Virtual Health: Getting Care When and Where You Need It

  • Your health plan may include Virtual Health. You can visit with a doctor via video or phone 24/7, 365 days a year from a smartphone or laptop.
  • Wait times are typically 10 minutes or less to see a board-certified physician. You will likely see a different physician for each Virtual Health session, which makes it good for occasional use, but not a replacement for the continuity of having a PCP.
  • Some conditions seen include allergies, common cold, upset stomach, insect bites, sore throat, pink eye, urinary problems, and some viral illnesses.

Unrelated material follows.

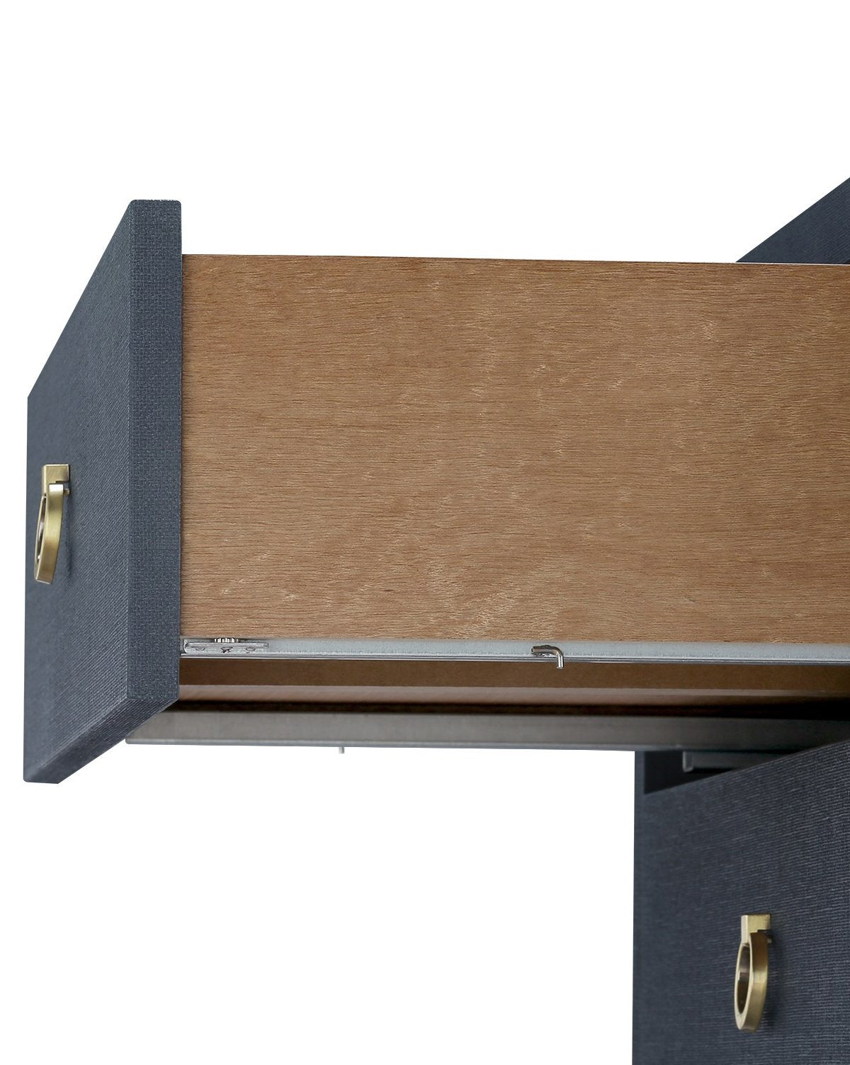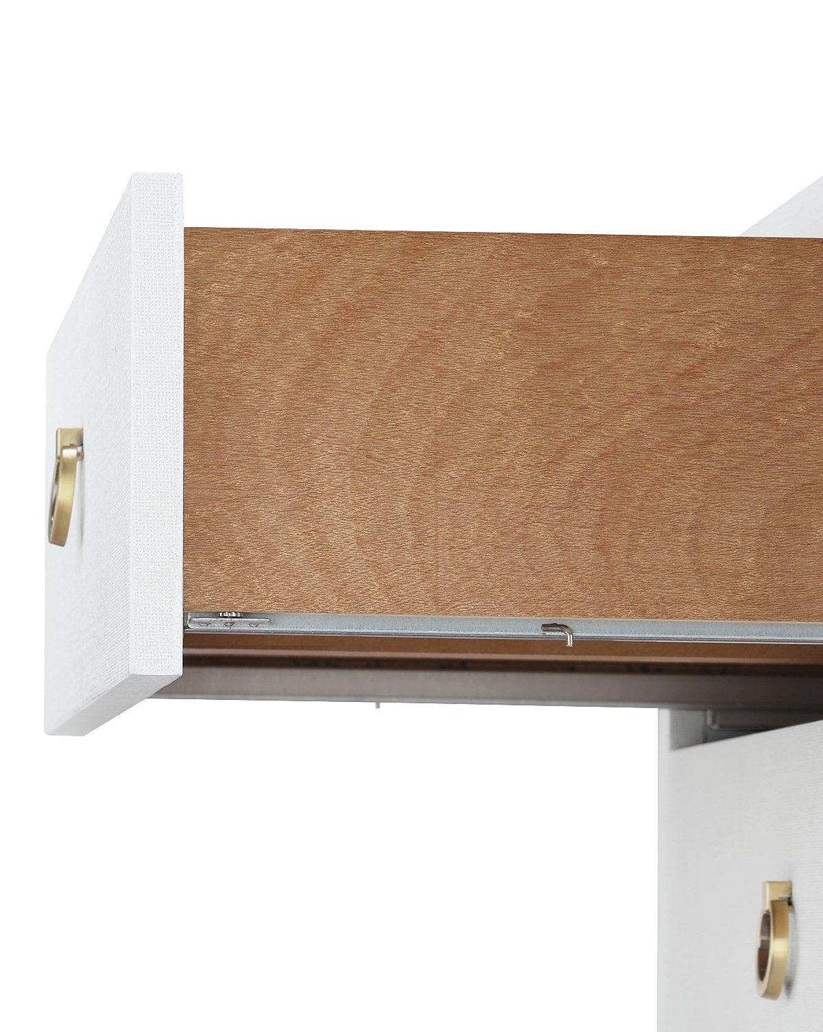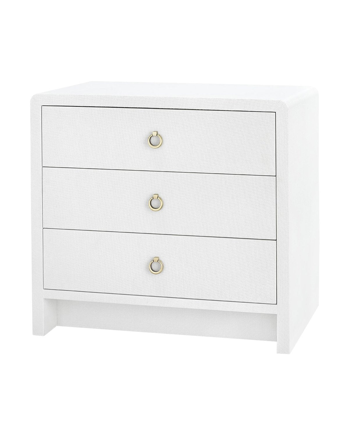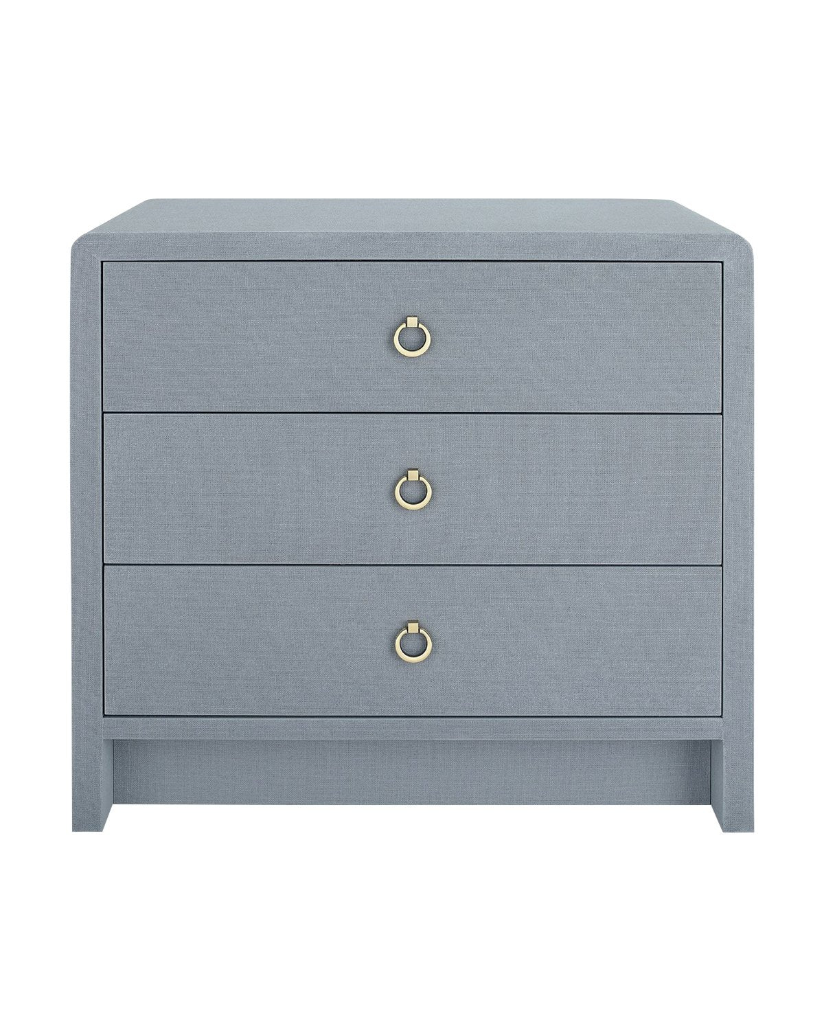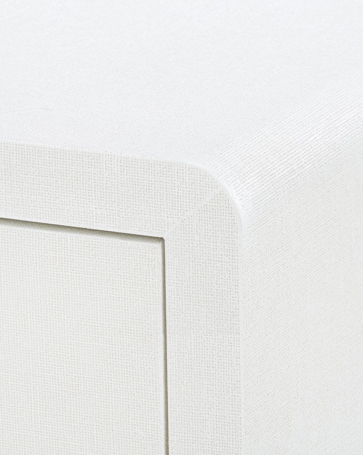 The Olivia Nightstand is a late mid-century take on classic modernism. Its unique design includes waterfall edges in a lacquered linen finish. With fitted drawers and an inset base, it adds form and dimension to your space in all three color options.

  • Register for Virtual Health at com or through the Blueprint Portal app. It’s a good idea to register your account and set it up before you need it so it’s ready to go when you do.

Emergency care

  •  Emergency care or the emergency room is for actual emergencies. These include physical trauma, stroke, chest pain, uncontrolled bleeding, severely high fever, trouble breathing and other immediately dangerous conditions.
  • In any life-threatening emergency, call 9-1-1 for help or go directly to the nearest emergency care center or ER.

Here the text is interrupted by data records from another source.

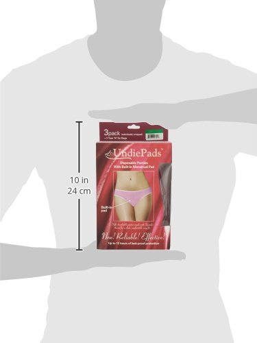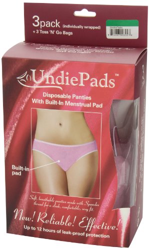 Studio : IlaNic Sanitary Products Publisher : IlaNic Sanitary Products Binding : Health and Beauty Product Description Disposable Period Panties with a unique built-in menstrual pad (3ct) and 3 Toss 'n' Go disposal bags. The First and Only leak-proof, worry-free period underwear. Up to 12 hour protection day or night. Soft, breathable fabric, made with special Spandex thread for maximum comfort and secure fit. Attractive style and soft elastic looks and feels like regular panties. Never ruin another pair of your panties again. UndiePads provide ultimate menstrual protection and are extremely convenient. Unlike other period panties that require washing after each use, these you just wear and toss away, it’s that easy! Available in size S, M and L/XL 0
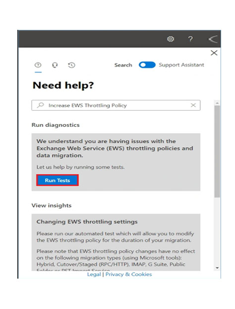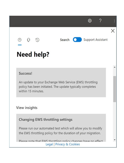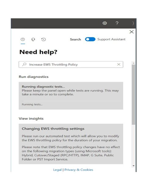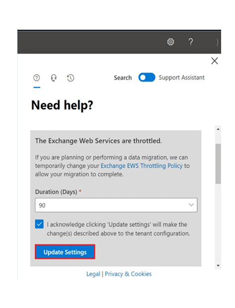 6. A message will appear, “If you are planning or performing a data migration, you can temporarily change the Exchange EWS Throttling Policy to allow the migration to complete“.Input the number of days for the Duration and click Update Settings. The available options are 30, 60, and 90 days.
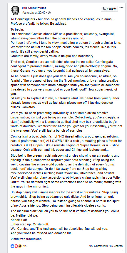 Sienkiewicz concluded the rant, “The medium didn’t call on you to be the best version of assholes you could be. Neither did we. Knock it off. Either step up. Or step off. We, Comics, and The Audience- will be absolutley fine without you. And you won’t be missed one damned bit. Visualizza traduzione.”
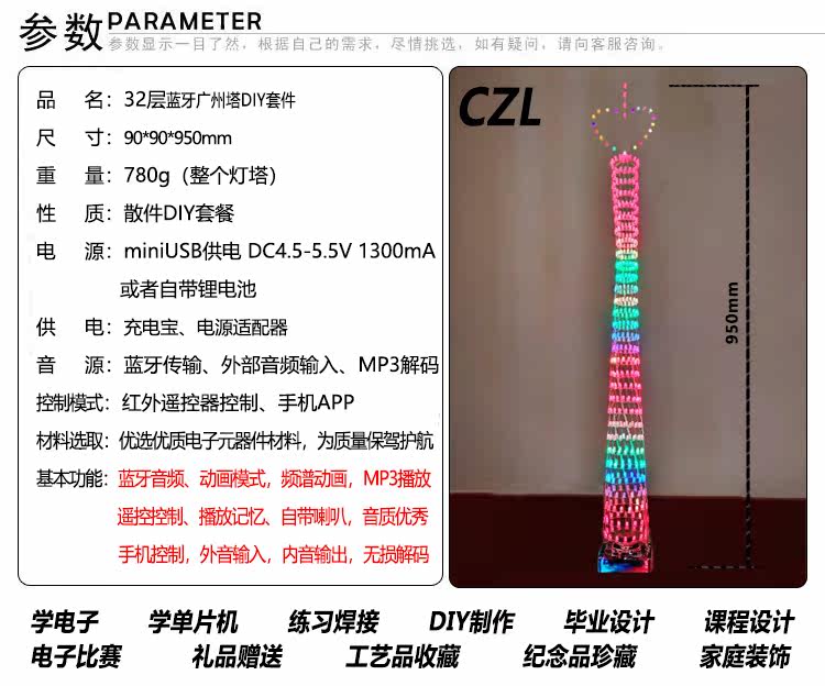 Гуанчжоу башня DIY набор слот 1 метр высотой 32 слои любовных башней Электронная плата сварки и практическая Bluetooth
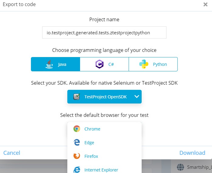 Every step that you carried out will be recorded as a test and automatically (Selenium/Appium) code will be generated in the background that can be downloaded (Python, Java, and C#) and executed in a local folder with changes if any.
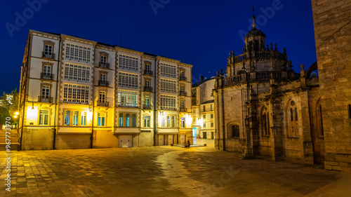 © josemiguelsangar, Fototapeta premium Main square of the city of Lugo at night with picturesque buildings and Gothic cathedral, Galicia.
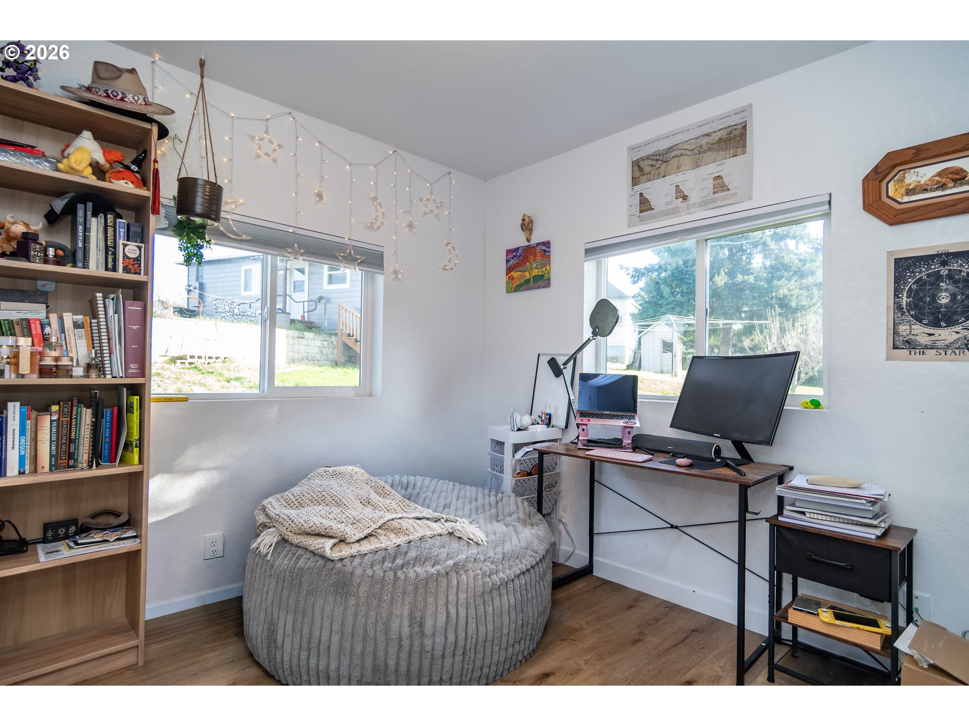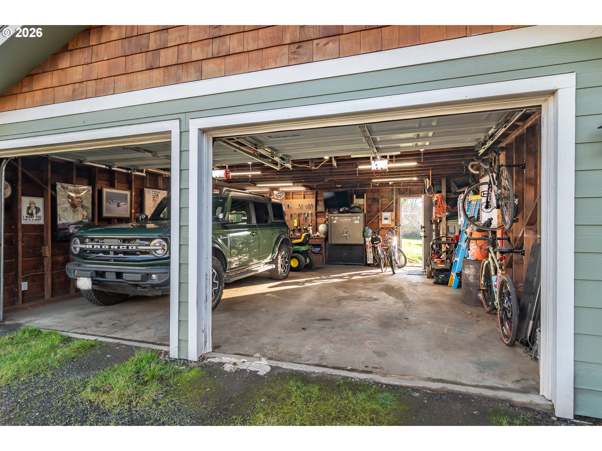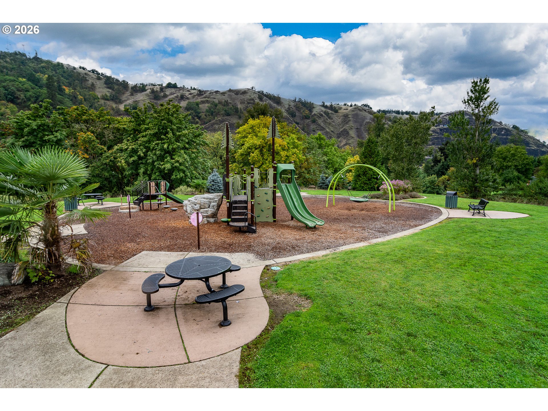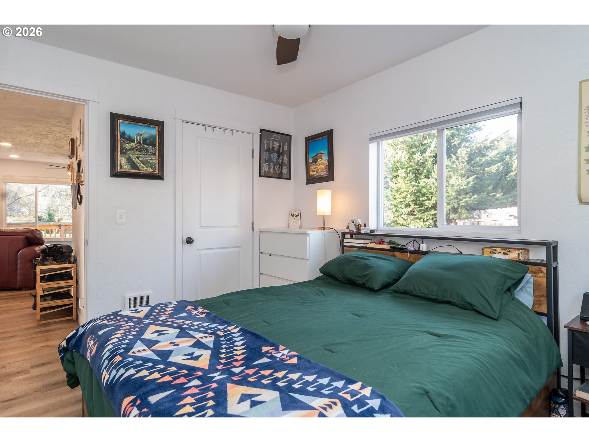This charming single-level, 3-bedroom, 2-bath home offers the perfect blend of privacy and convenience. The kitchen shines with white cabinetry, classic subway tile, and warm butcher block countertops, creating a modern yet timeless aesthetic. Enjoy your morning coffee at the island breakfast bar or unwind on the expansive deck while taking in views of the mountains and the lush, oversized yard.The easy-care, fully fenced yard is ideal for pets or gardening—perfect for enjoying the true Oregon lifestyle. An oversized double-car garage provides ample space for tools and a workshop, while the generous driveway offers plenty of room for vehicles, an RV, and recreational toys.Home has been completely remodeled from top to bottom in 2023.Tucked away for a peaceful, secluded feel, this home is just steps from walking paths, the dog park, community playground, and easy river access. Located in downtown, it offers a rare sense of retreat—an ideal place to relax and enjoy comfort, nature, and convenience.

  • ER staff treat patients with the most severe, dangerous and urgent needs first. In nonemergent cases, this means you may experience a longer wait time and greater out-of-pocket costs.
  • ER providers stabilize patients who are having emergencies and then either admit them to the hospital or refer them for follow-up care with their PCP.
  • The benefit of an ER is that they are often established within a hospital or hospital system with ready access to specialized doctors and surgical care when needed.